Raw data ->

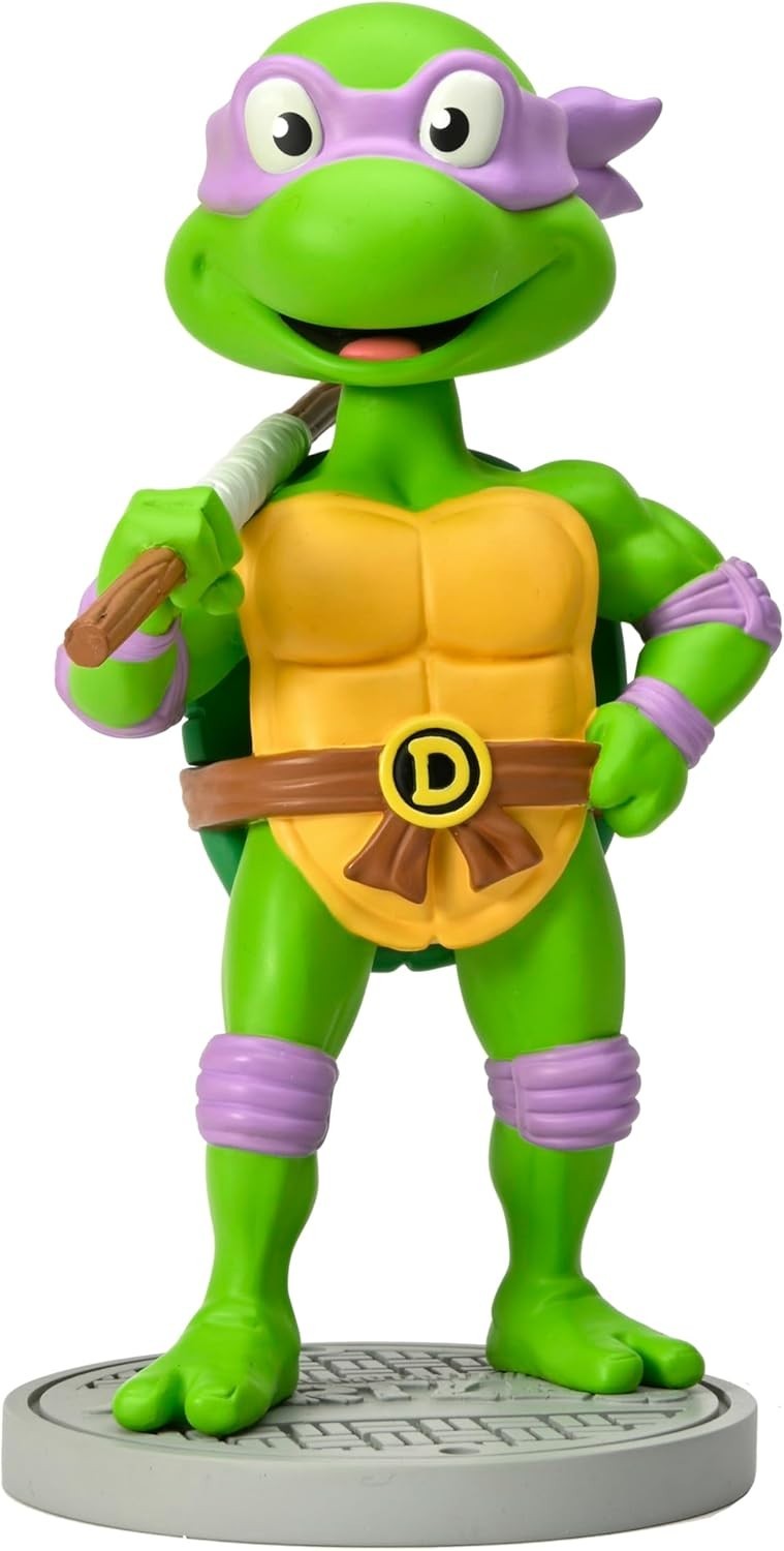 Donatello, el ninja de bastón Bo por arma y antifaz morado, llega a tu colección de figuras con la divertidísima versión Head Knocker del personaje. Esta línea de figuras está creada por la legendaria marca Neca, que lleva años trayéndonos a los personajes más icónicos del mundo del cine y la televisión. Viene sobre una peana de exposición y está hecha de resina con calidad coleccionista. Mide unos 16,5 cms y es un artículo de licencia oficial de Nickelodeon y de las TMNT. ¿Listo para proteger la ciudad con Donatello?
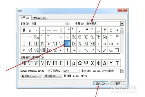 在“子集”中选择“数字形式”,并鄙人方选中年夜写罗马数字8(Ⅷ),点击“插入”。
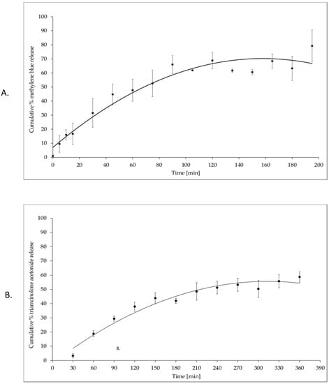 (A)—In vitro cumulative methylene blue release profile of from porous matrix containing 93.5 mg/cm2 methylene blue in dry mass. Results represent mean ± SE, n = 3. (B)—In vitro cumulative triamcinolone acetonide release profile of from porous matrix Pul40/Alg containing 0.05% substance in dry mass. Results represent mean ± SE, n = 3.
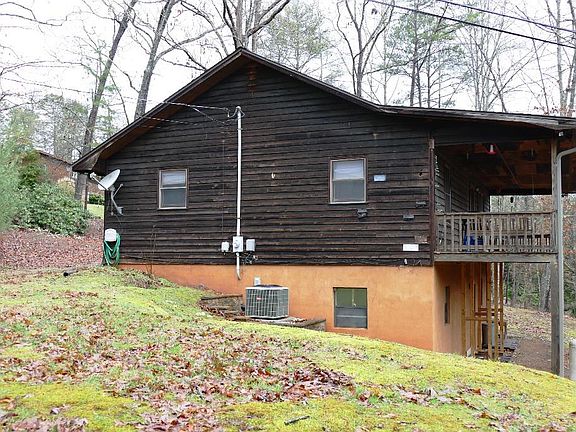 Location, Location, Location! This awesome mountain cabin in Franklin NC is only 5 mins from the heart of town. It has a nice view, level access, easy drive and an easy to take care of lot! There is a nice view from this home and it has tons of decking (covered & uncovered). There is a "wood elevator" to bring up wood from below to your Vermont Castings wood stove! This home has a nice vaulted and beamed ceiling in the living room with direct access to the covered portion of the deck. There are two bedrooms on the Main level and 2 baths... The master has it's own bath ! Dual Zone HVAC, for the upper and lower level. The lower level has a bonus room that could be made into a bedroom, it has a MURPHY BED in there now. The lower level is replete with a good sized garage/workshop and extra storage! The lower level is also plumbed for an additional bath etc. HVAC system is only 5 years old, New roof and gutters only 3 years ago, septic pumped 5 years ago. This home has a whole house fan system too along with late model stainless appliances! It's an awesome home and just waiting for you to move in! This home also has a gentle stream running through the property on the property line...
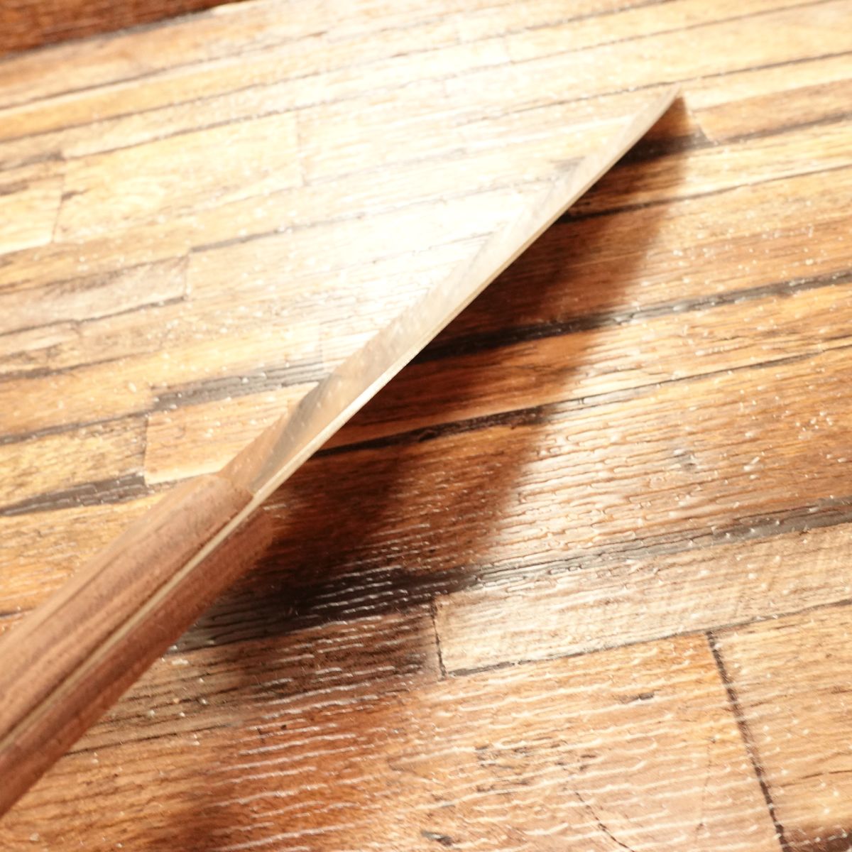 This is a Gyuto knife by Arimine. Gyuto knives are versatile chef’s knives suitable for cutting meat, fish, and vegetables. This is a thin, all-purpose knife in clean condition, offering a light and nimble feel that makes it ideal for everyday use.
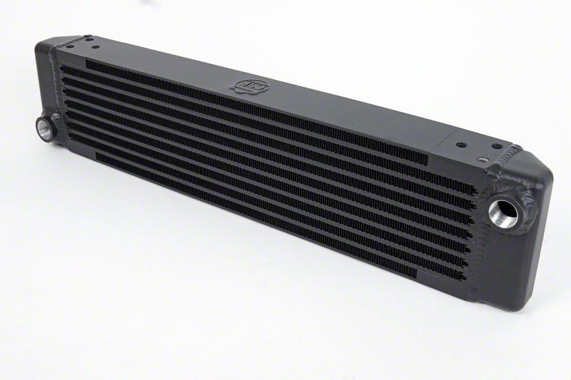 The unique design of CSF's oil cooler line has distinct advantages over conventional style oil coolers (plate-type/stacked oil coolers). The oil coolers can be placed in tighter spaces or different areas of the vehicle that don't have much vertical surface area. Longer rectangular sizes can also help with avoiding the stacking of too many coolers which may cause airflow issues to other components in the cooling system. Inlet/outlet port placement is much easier to route oil lines. Typical oil cooler lines have to be routed from different/opposite ends of the cooler often facing up or down. Usually one line has to run across from one side of the cooler to the other to then be routed together to the feed/return connection of the oil system. The CSF oil coolers are much more robust, durable, and can withstand a higher peak burst rate. This allows the cooler to be mounted in areas that might get high debris (front fascia, diff cooler, side vents, etc...). The CSF oil cooler is designed to withstand a tremendous amount of vibration and debris.
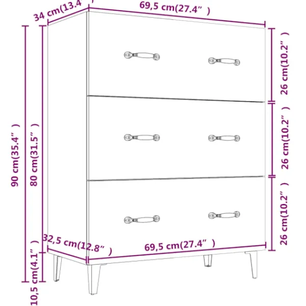 Denna klassiska skänk kommer att bli ett praktiskt tillskott till ditt hem. Praktiskt material: Det konstruerade träet är av exceptionell kvalitet med slät yta och har också styrka, stabilitet samt fuktbeständighet.Gott om förvaring: Skänken har 3 lådor, med gott om förvaringsutrymme för att hålla dina olika saker välorganiserade och inom räckhåll. Ovansidan av skänken är perfekt för att ställa dina prydnadssaker på.Lätt att rengöra: Bokskåpet är lätt att rengöra med en fuktig trasa.Snygg design: Denna skänk har en elegant design, som kommer att tillföra en unik charm till din nuvarande inredning! Varning:För att förhindra att den välter måste denna produkt användas med den medföljande monteringsanordningen för vägg

Work required -> All lines above must be repeated exactly, and the pictures must be omitted.

Exercise output ->
 Donatello, el ninja de bastón Bo por arma y antifaz morado, llega a tu colección de figuras con la divertidísima versión Head Knocker del personaje. Esta línea de figuras está creada por la legendaria marca Neca, que lleva años trayéndonos a los personajes más icónicos del mundo del cine y la televisión. Viene sobre una peana de exposición y está hecha de resina con calidad coleccionista. Mide unos 16,5 cms y es un artículo de licencia oficial de Nickelodeon y de las TMNT. ¿Listo para proteger la ciudad con Donatello?
 在“子集”中选择“数字形式”,并鄙人方选中年夜写罗马数字8(Ⅷ),点击“插入”。
 (A)—In vitro cumulative methylene blue release profile of from porous matrix containing 93.5 mg/cm2 methylene blue in dry mass. Results represent mean ± SE, n = 3. (B)—In vitro cumulative triamcinolone acetonide release profile of from porous matrix Pul40/Alg containing 0.05% substance in dry mass. Results represent mean ± SE, n = 3.
 Location, Location, Location! This awesome mountain cabin in Franklin NC is only 5 mins from the heart of town. It has a nice view, level access, easy drive and an easy to take care of lot! There is a nice view from this home and it has tons of decking (covered & uncovered). There is a "wood elevator" to bring up wood from below to your Vermont Castings wood stove! This home has a nice vaulted and beamed ceiling in the living room with direct access to the covered portion of the deck. There are two bedrooms on the Main level and 2 baths... The master has it's own bath ! Dual Zone HVAC, for the upper and lower level. The lower level has a bonus room that could be made into a bedroom, it has a MURPHY BED in there now. The lower level is replete with a good sized garage/workshop and extra storage! The lower level is also plumbed for an additional bath etc. HVAC system is only 5 years old, New roof and gutters only 3 years ago, septic pumped 5 years ago. This home has a whole house fan system too along with late model stainless appliances! It's an awesome home and just waiting for you to move in! This home also has a gentle stream running through the property on the property line...
 This is a Gyuto knife by Arimine. Gyuto knives are versatile chef’s knives suitable for cutting meat, fish, and vegetables. This is a thin, all-purpose knife in clean condition, offering a light and nimble feel that makes it ideal for everyday use.
 The unique design of CSF's oil cooler line has distinct advantages over conventional style oil coolers (plate-type/stacked oil coolers). The oil coolers can be placed in tighter spaces or different areas of the vehicle that don't have much vertical surface area. Longer rectangular sizes can also help with avoiding the stacking of too many coolers which may cause airflow issues to other components in the cooling system. Inlet/outlet port placement is much easier to route oil lines. Typical oil cooler lines have to be routed from different/opposite ends of the cooler often facing up or down. Usually one line has to run across from one side of the cooler to the other to then be routed together to the feed/return connection of the oil system. The CSF oil coolers are much more robust, durable, and can withstand a higher peak burst rate. This allows the cooler to be mounted in areas that might get high debris (front fascia, diff cooler, side vents, etc...). The CSF oil cooler is designed to withstand a tremendous amount of vibration and debris.
 Denna klassiska skänk kommer att bli ett praktiskt tillskott till ditt hem. Praktiskt material: Det konstruerade träet är av exceptionell kvalitet med slät yta och har också styrka, stabilitet samt fuktbeständighet.Gott om förvaring: Skänken har 3 lådor, med gott om förvaringsutrymme för att hålla dina olika saker välorganiserade och inom räckhåll. Ovansidan av skänken är perfekt för att ställa dina prydnadssaker på.Lätt att rengöra: Bokskåpet är lätt att rengöra med en fuktig trasa.Snygg design: Denna skänk har en elegant design, som kommer att tillföra en unik charm till din nuvarande inredning! Varning:För att förhindra att den välter måste denna produkt användas med den medföljande monteringsanordningen för vägg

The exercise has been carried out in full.